Women say Gwinnett doctor invaded privacy with online video, photos

Millions of people saw a video of a Gwinnett doctor singing along to the rap song “Cut It” and mugging for the camera while cutting into a patient’s flesh.

Now, the woman in that video has told Channel 2 Action News that the cosmetic surgery left her disfigured. She also said she never gave permission for Dr. Windell C. Davis-Boutte to post the video online.

“To see that video, with my flesh being cut, without a straight line, and dancing while cutting me? That’s horrible,” said the 37-year-old Louisiana resident.

Another patient last week filed a lawsuit with similar claims. That suit, by a 30-year-old from Florida, says that Boutte invaded her privacy by posting photos of her exposed body on social media. Her lawsuit says that before undergoing cosmetic surgery, she had expressly forbidden the doctor from using any photos of her without her permission.

That woman also says her surgery was botched.

The two are among the latest former patients to step forward with allegations that Boutte misled them, subjected them to unsafe practices and left them with permanent injuries.

Last month, a joint investigation by Channel 2 and The Atlanta Journal-Constitution examined Boutte’s care of several cosmetic surgery patients at her Lilburn office. Boutte had recently settled a case involving a 54-year-old left with permanent brain damage when her heart stopped after eight hours of surgery. At least a half dozen other patients have also sued her, the investigation found.

Boutte’s attorney did not respond to Channel 2 requests for comment. Boutte had declined AJC interview requests.

Videos that Boutte had posted online showed the doctor dancing to music while making incisions or preparing to operate with patients’ nude backsides exposed.

The Louisiana woman, who asked to be identified only by her first and middle names, said that when she saw one video WSB had obtained, she recognized her body. The day after the video aired, Latoyah Archine said that Boutte called her. In a conversation Archine recorded, Boutte asked her to make a one-minute testimonial to come to her defense on social media.

She also texted Archine: “Cut It is your song, girlfriend. You did awesome.”

Archine declined to help and contacted Channel 2 instead. She said the surgery left her buttock misshapen and she has a scar that can’t be hidden by a swimsuit bottom. She said she plans legal action.

Last week’s lawsuit was filed by Amanda Phillips in state court in DeKalb County.

Her suit accuses Boutte of a bait-and-switch: Phillips wanted a procedure called SmartLipo, which is considered a less invasive form of liposuction.

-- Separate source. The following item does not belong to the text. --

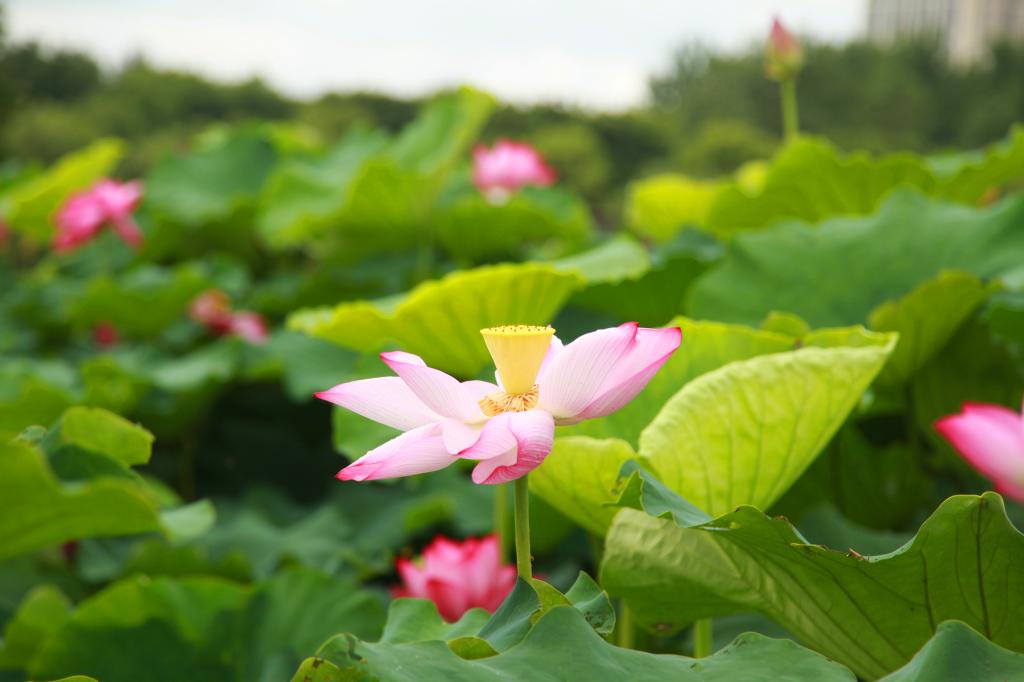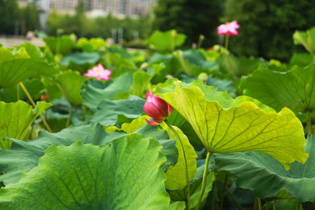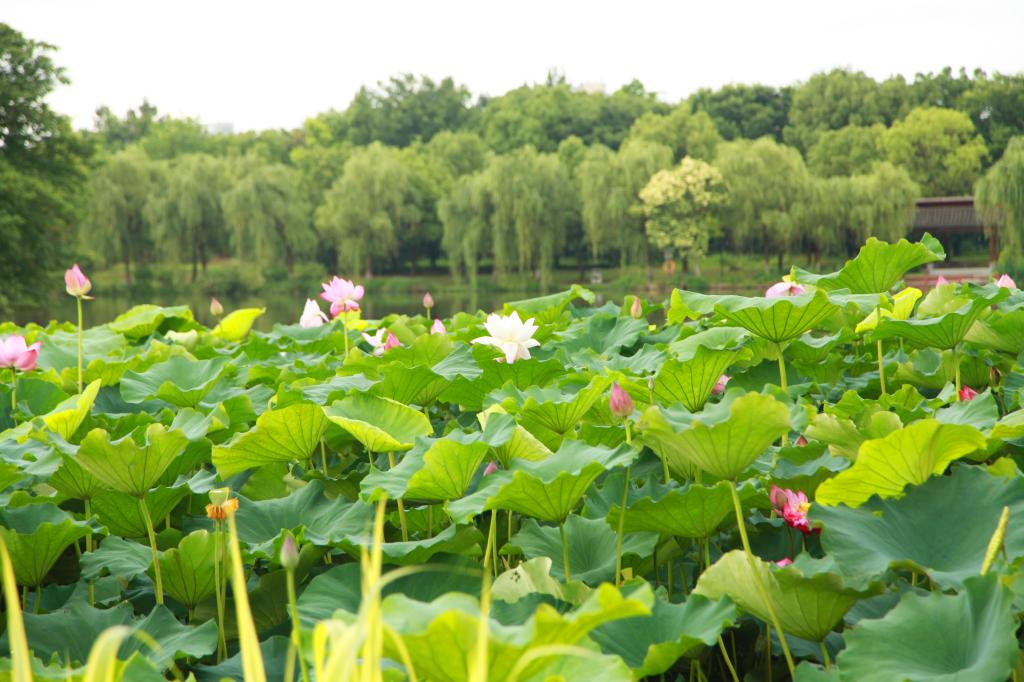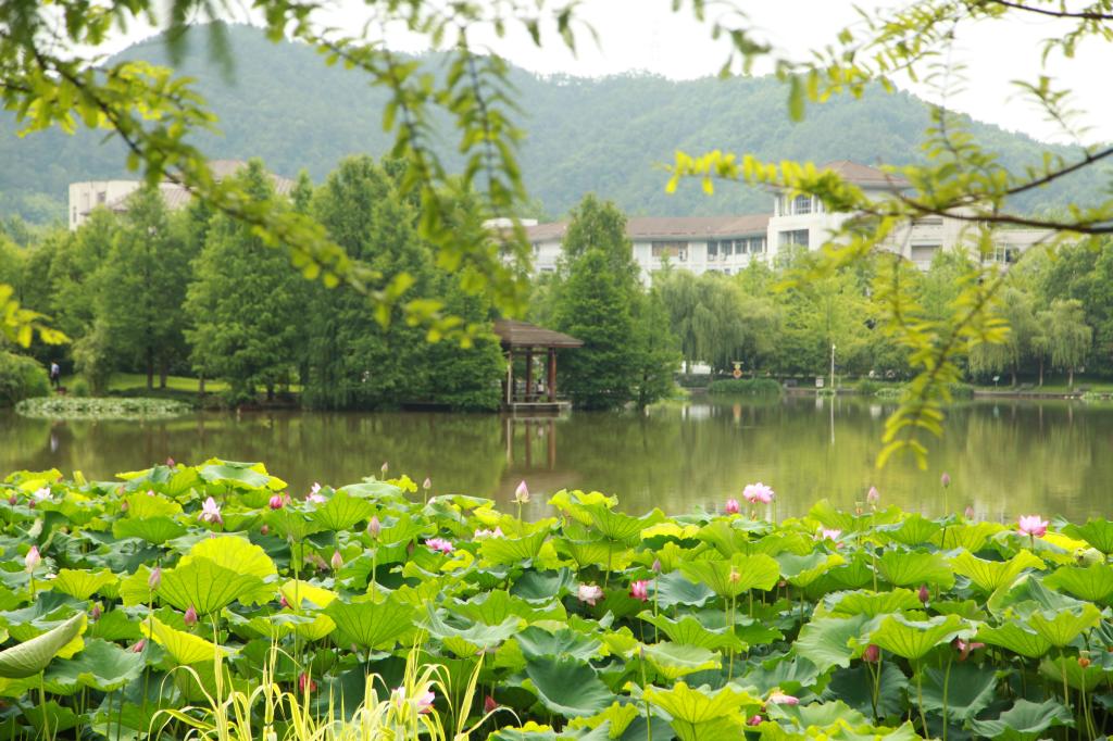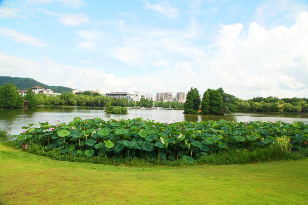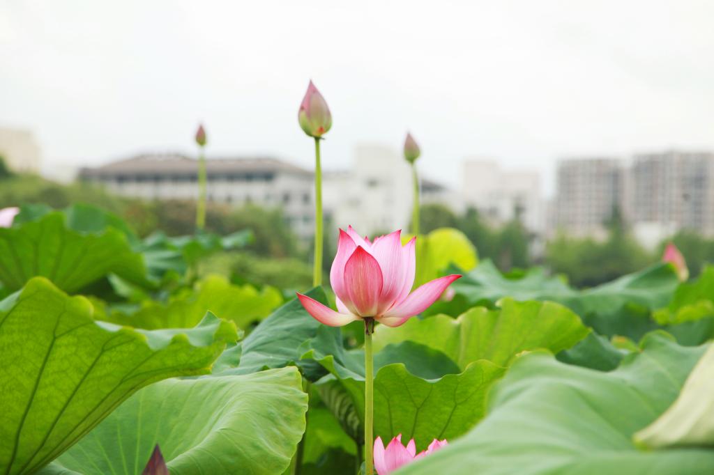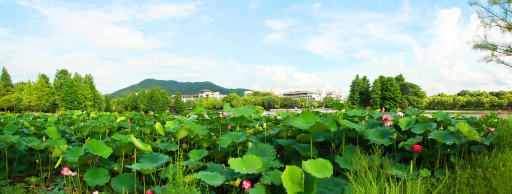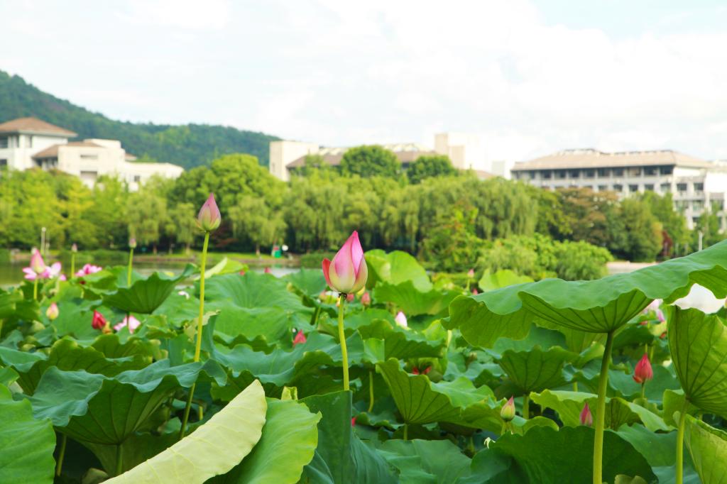 近日,浙江农林大学东湖校区东湖中的数亩荷花次第绽放,为夏日的校园增添了一道别样的风景。

Instead, the lawsuit claims, Boutte subjected her to regular liposuction. “We think this was a pattern and practice of Boutte,” Phillips’ attorney Joseph Wilson with J.L. Wilson Trial Law in Atlanta, told The Atlanta Journal-Constitution.

Phillips’ lawsuit says that after the procedure she developed open wounds that had to be treated at a Florida hospital, and was left with permanent scars. A medical expert consulted for her lawsuit said that Boutte was too aggressive with the liposuction, Wilson said.

Wilson also said Phillips was shocked to recognize photos of her body on the doctor’s social media sites. “Prior to the procedure being performed, she never consented to any photos being put out there of her,” he said.

Boutte has not responded to the lawsuit.

The Georgia Composite Medical Board website shows that Boutte previously has settled four malpractice lawsuits. She has never been sanctioned by the board.